The Gospel of Mark: view from 30,000 feet

When I recently posted word clouds for the gospels, the point was a perspective-check. Is our focus right? Here is what I see when I look at the word cloud of Mark.

1. It's all about Jesus:
"Jesus" occurs more often than any other word: over 200 times. No other word appears even half as often.

2. It's full of people:
Following Jesus, you find "disciples" or the "twelve". There are "crowds" and "children", Peter, James, John. There are also Pharisees and Pilate.

3. It's an action book:
Mark is full of "ask" and "answer", "call" and "follow", standing, sitting, teaching, preaching, teaching, baptizing, hearing, and healing, full of going and giving and believing.
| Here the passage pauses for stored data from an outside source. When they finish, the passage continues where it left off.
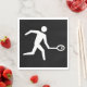 A squash player icon in white on a black background. This design looks really effective on these Paper Napkins
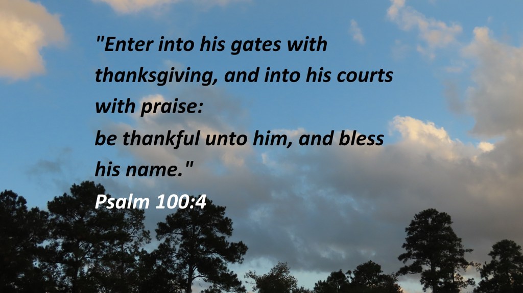 Uncategorized “Thanksgiving” Date: November 25, 2021Author: © Christian National Church of Christ 0 Comments “Enter into his gates with thanksgiving, and into his courts with praise:be thankful unto him, and bless his name.”Psalm 100:4 Share this: Share on X (Opens in new window) X Share on Facebook (Opens in new window) Facebook Like Loading... Related
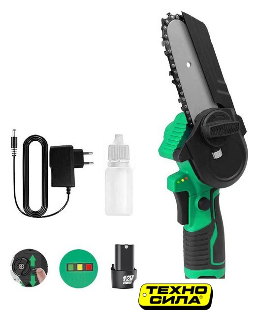 аккумуляторная, бытовая, 12 В, шаг цепи: 1/4 дюйма, длина шины: 10 см, аккумулятор в комплекте, быстрое натяжение цепи, 1.2 кг
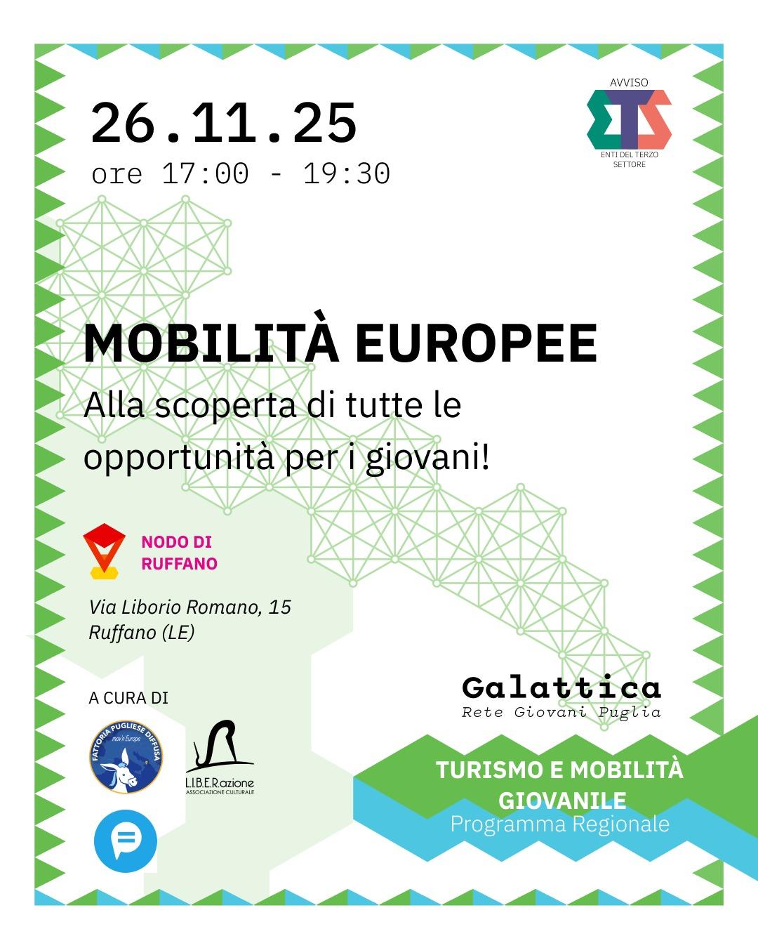 Mercoledì 26 novembre, presso il Nodo Galattica di Ruffano, in via Liborio Romano 15, esploreremo ancora le opportunità offerte dalle mobilità europee.
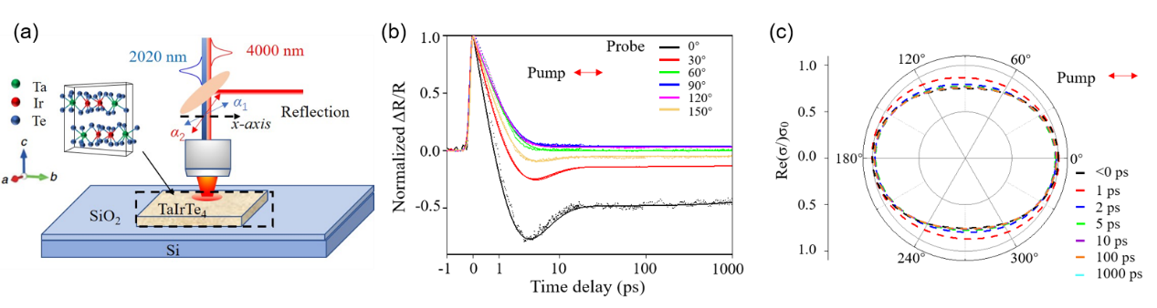 第二类外尔半金属钽铱碲因其贝里曲率引起的位移电流增强,在中红外波段响应度大幅提高,具备极高的光电探测应用潜力;同时,各向异性的晶体结构使其具有各向异性的光学及电学性质,成为未来新型及高性能电子、光电器件的理想材料。通过研究钽铱碲光激发热载流子的动态演化过程,可以为材料在强场条件下的应用提供理论基础。另一方面,探究钽铱碲各向异性特性的动态演化对于材料在偏振分辨相关的应用至关重要。
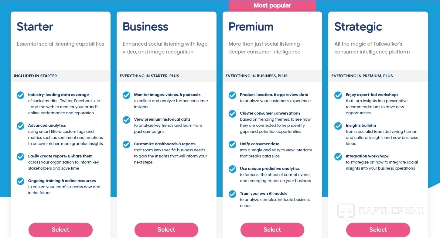 - Высокая стоимость. Стоимость может быть довольно высокой, особенно для малых и средних предприятий. Цены зависят от объема использования, количества отслеживаемых ключевых слов и других параметров, что может сделать его недоступным для некоторых бюджетов.
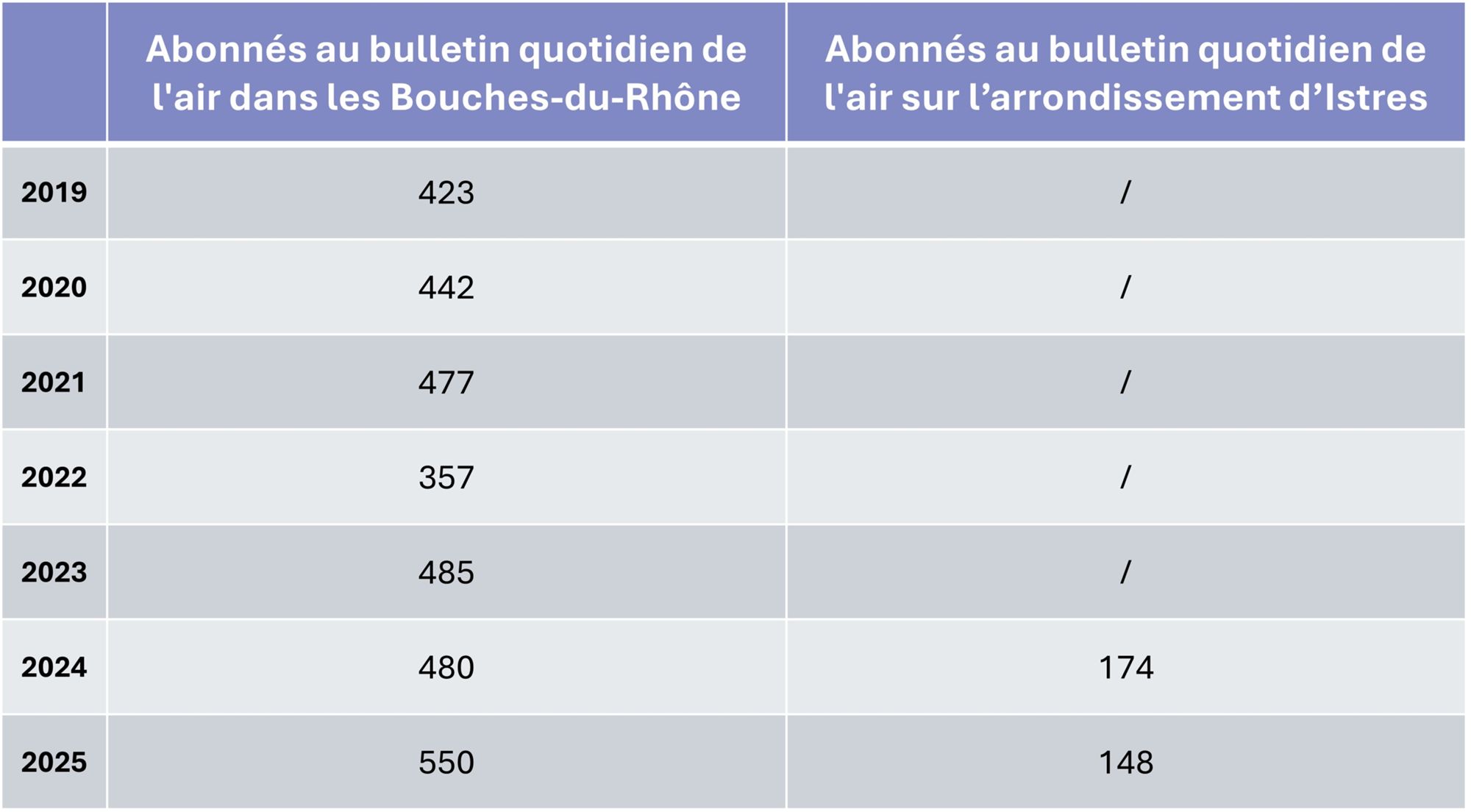 Nombre d’abonnements au bulletin quotidien de l'air dans les Bouches-du-Rhône et sur l'arrondissement d'Istres
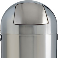 Waste bin with a tilting flap, 52 litres, with a silver-painted steel dome top. Inner bin made of galvanised steel. Plastic base to protect the floor.
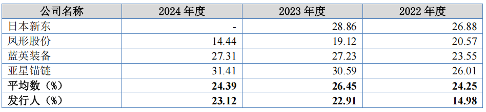 报告期内,大亚股份综合毛利率分别为14.98%、22.91%和23.12%,呈逐年增长的趋势,主要系受到原材料废钢价格下降、公司推行精益管理实现降本增效、产品市场认可度提升、高附加值产品占比增加等导致公司产品价格提高等因素的影响,具有合理性。2022年,公司的综合毛利率曾低于可比同行均值10个点之多。
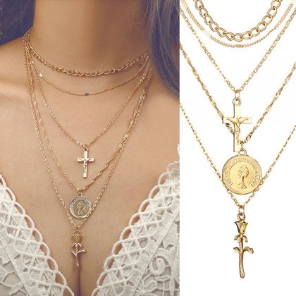 Punk Style Cross Rose Pendant Multi-layer Necklace
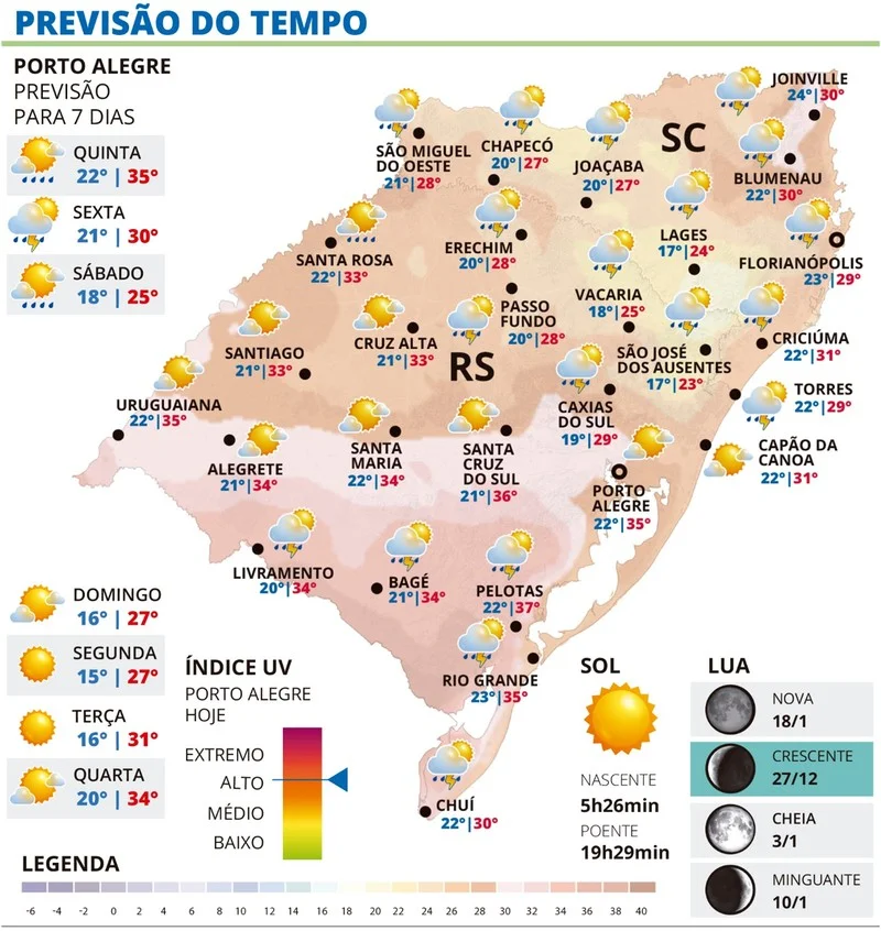 O sol aparece com nuvens neste primeiro dia de 2026. Ar quente cobre o estado e traz um dia de calor em todas as regiões, mais intenso no Oeste, Metade Sul, Grande Porto Alegre e Vales. O calor deve ser especialmente intenso nesta quinta numa faixa entre Jaguarão e Pelotas, no Sul do estado. O litoral deve ter dia de praia aproveitável.
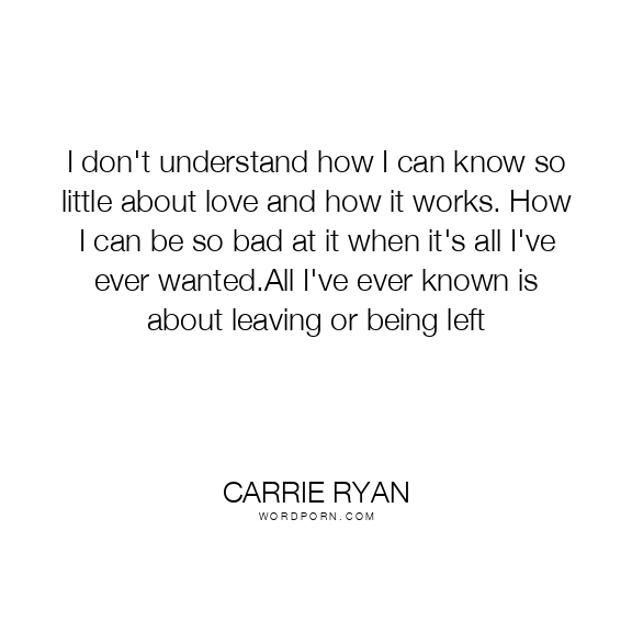 I don't understand how I can know so little about love and how it works. How I can be so bad at it when it's all I've ever wanted.All I've ever known is about leaving or being left
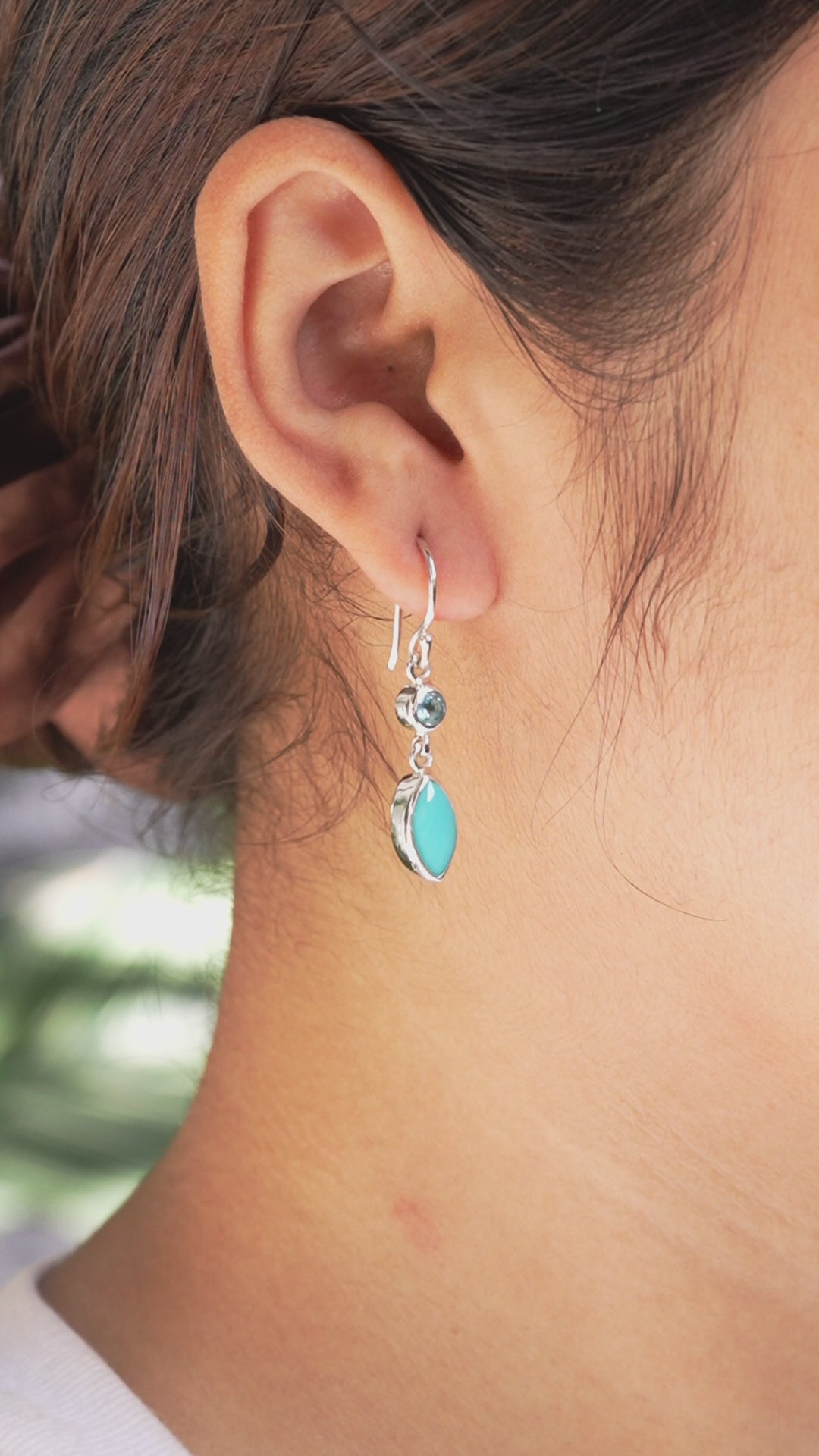 - A sparkling 4 mm round faceted Blue Topaz pairs perfectly with a 12x6 mm Sleeping Beauty Turquoise cabochon, both set in elegant bezel settings. The earrings measure approximately 1.5 inches long, including the ear hook.
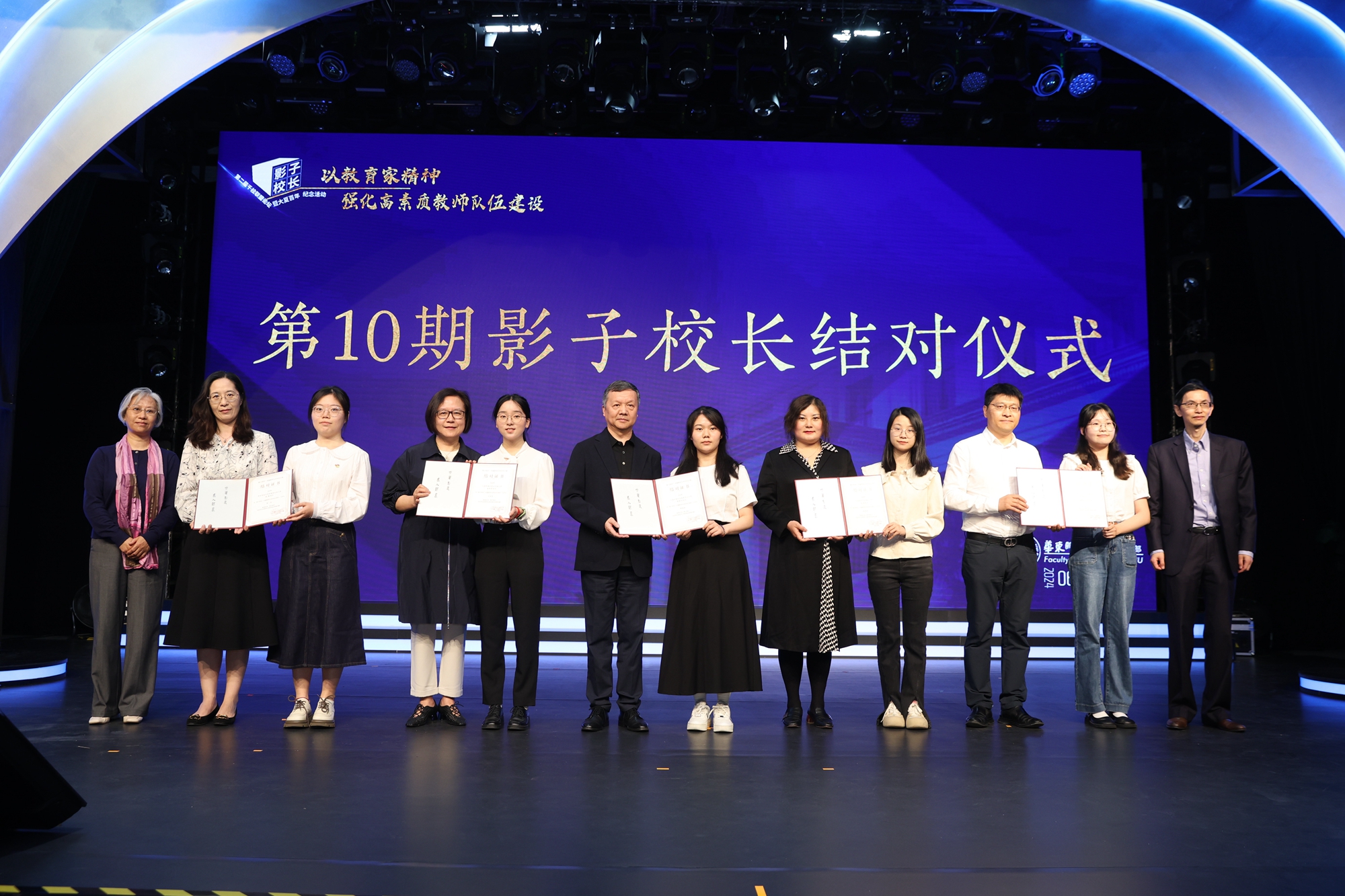 华东师大教育学部常务副主任陈霜叶与华东师大党委宣传部常务副部长刘麒为校长代表颁发证书
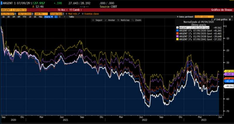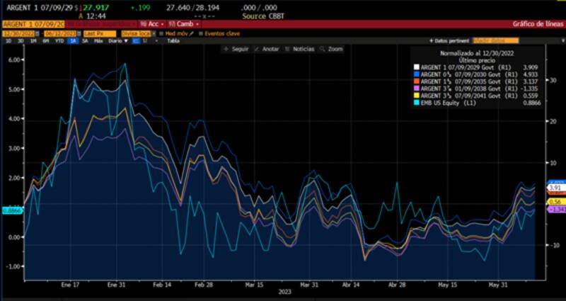 En el acumulado del año, la deuda argentina opera con bajas de hasta 1,3% y avances de hasta 5%. En esa misma línea, emergentes sube 0,9% en 2023.
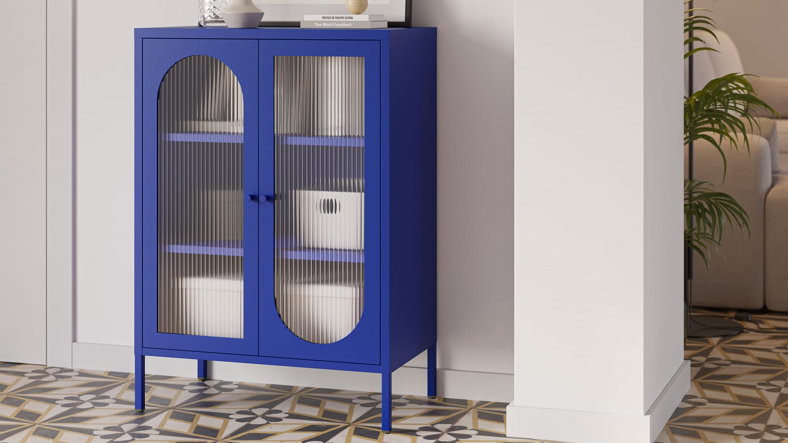 Meuble TV - Ysia• Matière : Métal• Couleur : Bleu électrique• Portes ajourées avec empiècements géométriques en verre texturé pour une touche architecturale art déco revisitée• Piètement et poignées en métal bleu électrique• Rangements : 2 niches, 2 portes battantes, 1 tablette• Dimensions totales : 160 x 35 x 50 cm• Avec passe câblePoids net : 19 kg
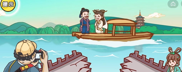 1. 当看到白娘子与许仙面临分离,而远处有一艘船时,若想让这艘船更靠近白娘子和许仙,我们需要点击白娘子的眼睛。
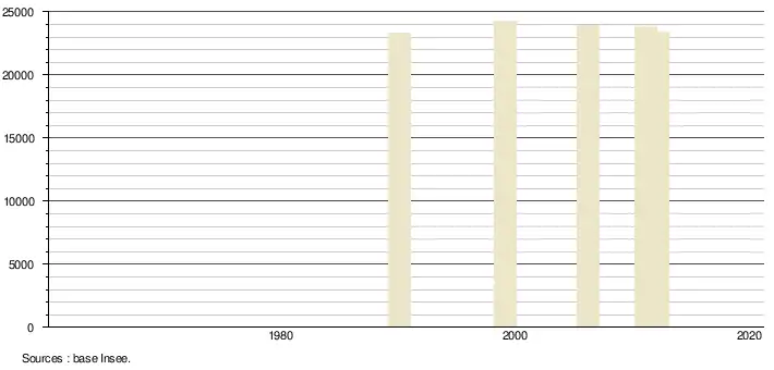 - Population municipale légale en vigueur au 1er janvier 2024, millésimée 2021, définie dans les limites territoriales en vigueur au 1er janvier 2023, date de référence statistique : 1er janvier 2021.
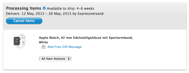 Now, I don't buy that Apple won't have been aware that this particular model (42mm SS LB) won't be shipped on 4/24. If you knew that some of your models had limited availability or no availability. Then allow users to order in the morning instead of waking pre-order night and rushing to know when ordered that "Oh No.. I'm not getting it on 4/24".
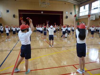 4年生は、9月5日の5,6時間目に、「よさこい出前授業」をしました。今年の運動会で取り組む「よさこい」を専門家の人に習いました。体育館は蒸し暑かったのですが、先生の熱心な指導の下、子どもたちも頑張っていました。運動会を楽しみにしておいてください。
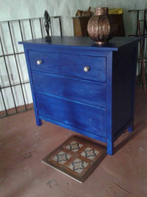 Gelukkig is mijn moeder nu weer blij, ze stuurde een foto van het kastje wat ze opgeknapt heeft. De tegel waar deze op komt te staan ligt eronder zodat we kunnen zien hoe mooi dat zal gaan staan. Mooi hoor mam. De ontbrekende knopjes heb ik bij Gaaf gekocht en komen jullie kant op.
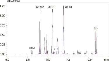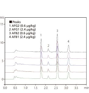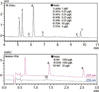 Simultaneous analysis of mycotoxins is important because multiple mycotoxins have been detected in a single food and may cause a synergistic effect. From this background, simultaneous analytical methods have been developed. Shown below are chromatograms of direct analysis of aflatoxins without any derivatization and rapid screening of 10 mycotoxins using HPLC.
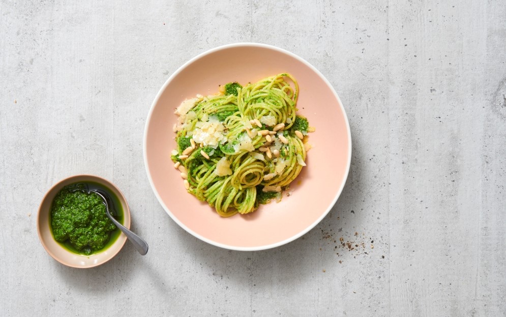 Ingredienti (per 4 persone): 500 g di spaghetti; pepe; parmigiano per condire; 20 g di pinoli. Per il pesto di aglio orsino: 100 g di aglio orsino; 75 g di pinoli; 60 g di parmigiano grattugiato; 2 dl di olio di colza; sale

And particularly in Mark, these things tend to happen "immediately" after each other.

4. It's full of places:
It's full of the houses where they stayed and the boats in which they fished and traveled. It's full of the synagogues where Jesus taught and the Temple. The only city that makes the word list for Mark is Jerusalem.

5. It's distinctively Jewish
There is much mention of Abraham, of Pharisees and priests, of Moses and the law, of synagogues and the Temple, of the city of Jerusalem and the sabbath.

6. It's very human
The book is full of humanity: not just the people as we have already seen but the details. "Touch" makes the top 100 word list, along with "hand" and "heart" and "head", along with eating and bread.

That gives its own view of what it means to follow Jesus. It gives an edge to the question: how are we doing on priorities?